The brain can generate body awareness by registering coincident sensations. For example, when you rub your arm, you see your hand rubbing your arm and simultaneously feel the rubbing sensation in both your hand and your arm. This simultaneity tells you that it is your hand and your arm. Infants use the same type of coincident sensations to initially develop the self/nonself distinction that is fundamental to our construal of the world.
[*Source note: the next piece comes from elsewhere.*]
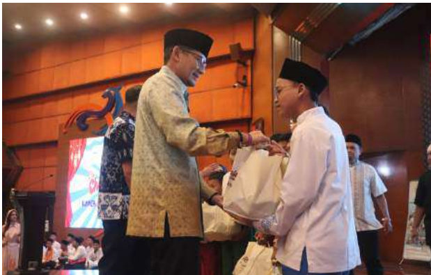
Kolaborasi dengan KOMIB x KEMENPAREKRAF dalam event The Charity Gala and Tour 2024

The fact that your brain constructs body awareness in this way can be experienced via the rubber-hand illusion (see Outside Resource on this). If you see a rubber hand being rubbed and simultaneously feel the corresponding rubbing sensation on your own body out of view, you will momentarily feel a bizarre sensation—that the rubber hand is your own.
The construction of our body awareness appears to be mediated by specific brain mechanisms involving a region of the cortex known as the temporoparietal junction. Damage to this brain region can generate distorted body awareness, such as feeling a substantially elongated torso. Altered neural activity in this region through artificial stimulation can also produce an out-of-body experience (see this module’s Outside Resources section), in which you feel like your body is in another location and you have a novel perspective on your body and the world, such as from the ceiling of the room.
Remarkably, comparable brain mechanisms may also generate the normal awareness of the sense of self and the sensation of being inside a body. In the context of virtual reality this sensation is known as presence (the compelling experience of actually being there). Our normal localization of the self may be equally artificial, in that it is not a given aspect of life but is constructed through a special brain mechanism.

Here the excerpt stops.